> _DATA SEGMENT_
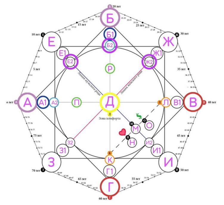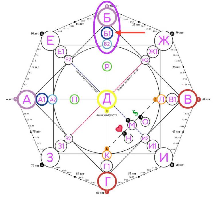 Точка Ж2 – талант рода матери, наработанный предками и переданный человеку для раскрытия своего собственного таланта (точка Б2)
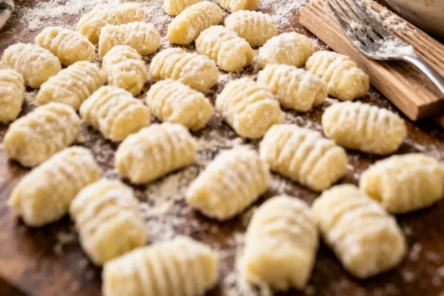 - No te excedas con la harina: es preferible que la masa quede apenas pegajosa antes que seca. Agregar harina de más es uno de los errores más comunes y hace que los ñoquis pierdan suavidad y queden densos.
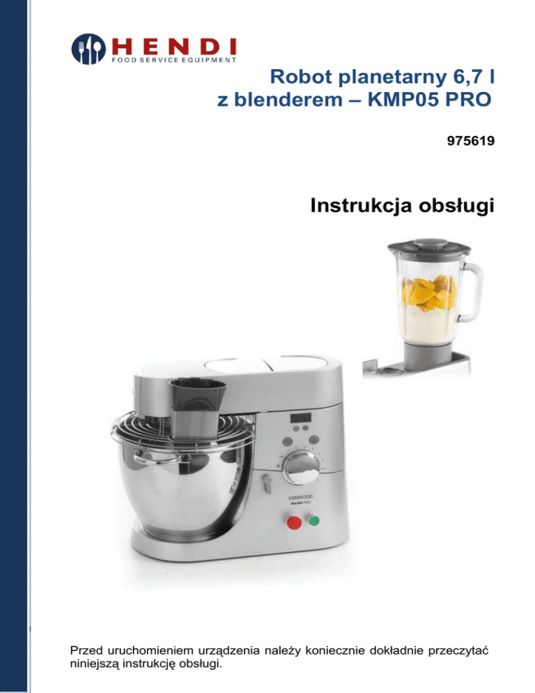 Robot planetarny 6,7 l z blenderem – KMP05 PRO Instrukcja obsługi
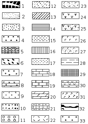 Рис. 3.1. Штриховые условные обозначения горных пород: 1 — торф; 2 — песок мелкозернистый; 3 — песок среднезернистый; 4 — песок крупнозернистый; 5 — песчаник; 6 — гравий; 7 — галечник; 8 — конгломерат; 9 — кремнистые породы (яшмы, опоки, диатомиты); 10 — щебень; 11 — валуны; 12 — супесь; 13 — суглинок; 14 — аргиллит; 15 — глина; 16 — лессовидный суглинок; 17 — лесс; 18 — известняк; 19, 20 — доломит; 20, 21 — мергель; 22, 23 — породы кислого состава, соответственно: лавы, туфы; 24, 25 — породы среднего состава, соответственно: лавы, туфы; 26, 27 — породы основного состава, соответственно: лавы, туфы; 28 — глинистый сланец; 29 — мел; 30 — гипс; 9, 31 — опоки; 32 — каменный уголь; 33 — граниты и другие скальные породы.

> _HOW TO COMPLETE THIS TASK_
The required output is the listing above reproduced exactly, pictures removed.

> _ANSWER FOR THIS EXERCISE_
 Точка Ж2 – талант рода матери, наработанный предками и переданный человеку для раскрытия своего собственного таланта (точка Б2)
 - No te excedas con la harina: es preferible que la masa quede apenas pegajosa antes que seca. Agregar harina de más es uno de los errores más comunes y hace que los ñoquis pierdan suavidad y queden densos.
 Robot planetarny 6,7 l z blenderem – KMP05 PRO Instrukcja obsługi
 Рис. 3.1. Штриховые условные обозначения горных пород: 1 — торф; 2 — песок мелкозернистый; 3 — песок среднезернистый; 4 — песок крупнозернистый; 5 — песчаник; 6 — гравий; 7 — галечник; 8 — конгломерат; 9 — кремнистые породы (яшмы, опоки, диатомиты); 10 — щебень; 11 — валуны; 12 — супесь; 13 — суглинок; 14 — аргиллит; 15 — глина; 16 — лессовидный суглинок; 17 — лесс; 18 — известняк; 19, 20 — доломит; 20, 21 — мергель; 22, 23 — породы кислого состава, соответственно: лавы, туфы; 24, 25 — породы среднего состава, соответственно: лавы, туфы; 26, 27 — породы основного состава, соответственно: лавы, туфы; 28 — глинистый сланец; 29 — мел; 30 — гипс; 9, 31 — опоки; 32 — каменный уголь; 33 — граниты и другие скальные породы.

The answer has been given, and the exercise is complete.